Posted in Aging, Anxiety disorders, Childhood trauma, Depression, Dissociation, Healing, Healing Music, Stress, Tension, Uncategorized, Worry | Leave a comment

Walking Down Memory Lane…

I read an article about drunk driving in The New York Times this week,  which took me on a trip down memory lane to the time when I was a social worker at a community addiction clinic in Sweden.

One day, our head nurse came into my office to consult about a new patient. He was a man in his early 40′s. A “walk-in,” primarily seeking help with his depression. He admittedly drank on occasion, but “not much.” Did I have time to see him?

The man stepping into my office a few minutes later was proper, oriented, coherent, well dressed, and seemingly sober. After a 20 minutes conversation about his alcohol habits, it had became evident that he consumed way more alcohol than “just a little.” When, on my way to reach for some testing instruments, I passed his chair, I noticed a scent of what I believed to be alcohol, and I asked him if he had been drinking anything prior to coming to the clinic. He immediately said, “Yes, I had a couple beers in the morning.”

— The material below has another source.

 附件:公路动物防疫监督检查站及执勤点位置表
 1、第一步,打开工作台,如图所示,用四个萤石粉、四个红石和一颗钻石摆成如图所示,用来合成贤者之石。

I explained that it might be of interest to find out if there’s still some alcohol left in his body, even if several hours had passed since he drank. He agreed. I went to the nurse’s station to get a breathalyzer to measure his blood-alcohol level, and  asked him to breathe into the instrument. Waiting for the result, the meter kept going up and up, and I concluded something must have gone wrong with the test. I called the nurse and asked if she had the time to bring me another breathalyzer, and with the new instrument in my hand, I asked the patient to re-take the test. History repeated itself – the first test result, 0.43 BAC , came up again.

With a BAC level of 0.43, the patient standing in front of me should have been dead! Why wasn’t he? Two major factors “saved him!”

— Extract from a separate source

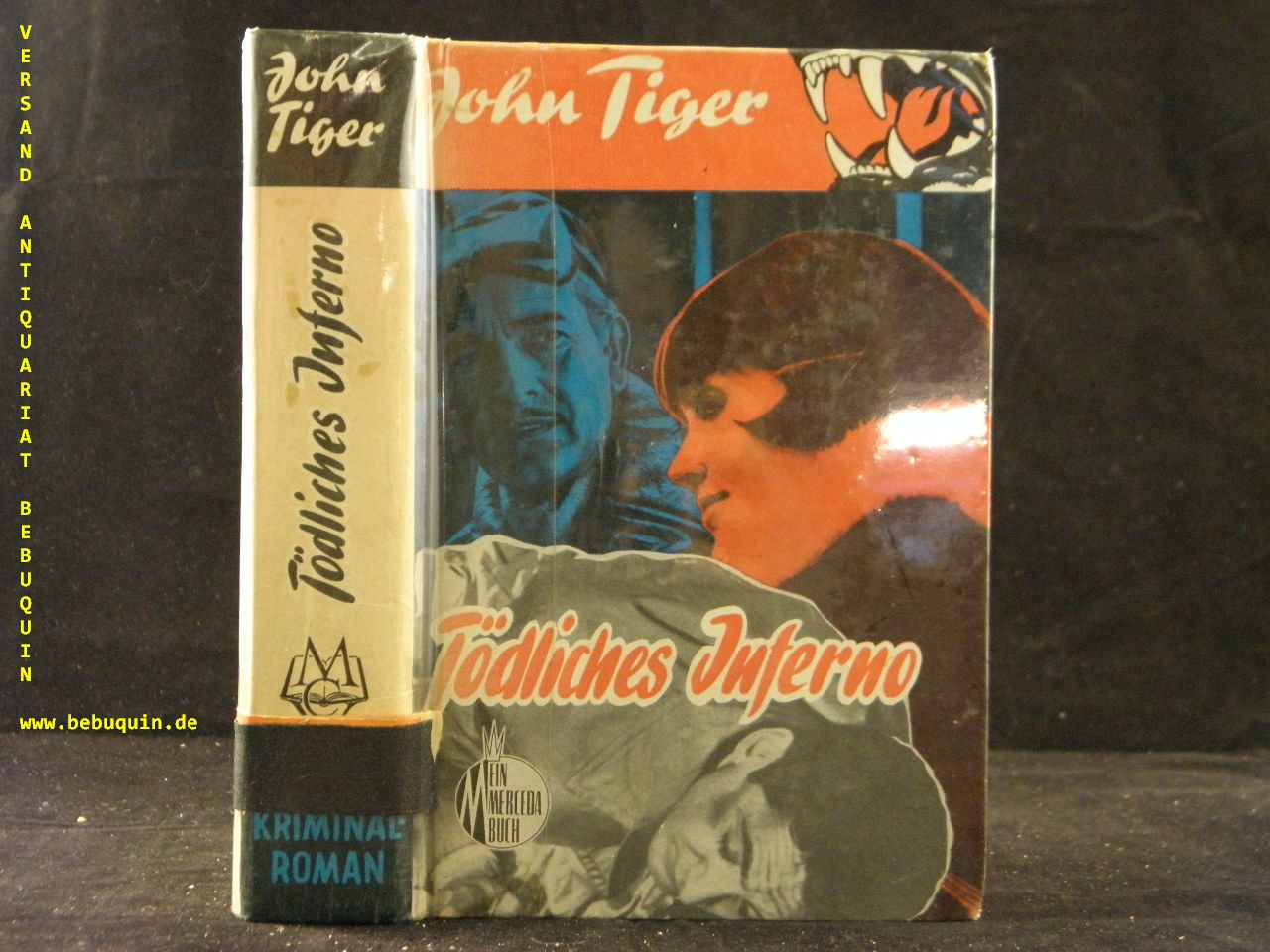 JOHN TIGER: Tödliches Inferno. Kriminalroman. Münster (Merceda), ca 1950. 240 S. farb. ill. OPb. gestempeltes Leihbuch. EA.

He had progressively developed a very high tolerance for alcohol which, in simple terms was evident through his demeanor: he appeared to be sober, he walked, talked, and behaved as if he was not under the influence of any mood altering substance. In other words, my patient’s body system had, through drinking on a regular basis, for a long period of time, learned to tolerate huge amounts of alcohol – to the point of shaking hands with death.

In case any of my readers wonder if my patient was driving his car to the clinic, the answer is: Yes, he did!

When he left the clinic, he had agreed to be transported to the hospitals detox unit.He also willingly left the keys to his car at the nurse’s station.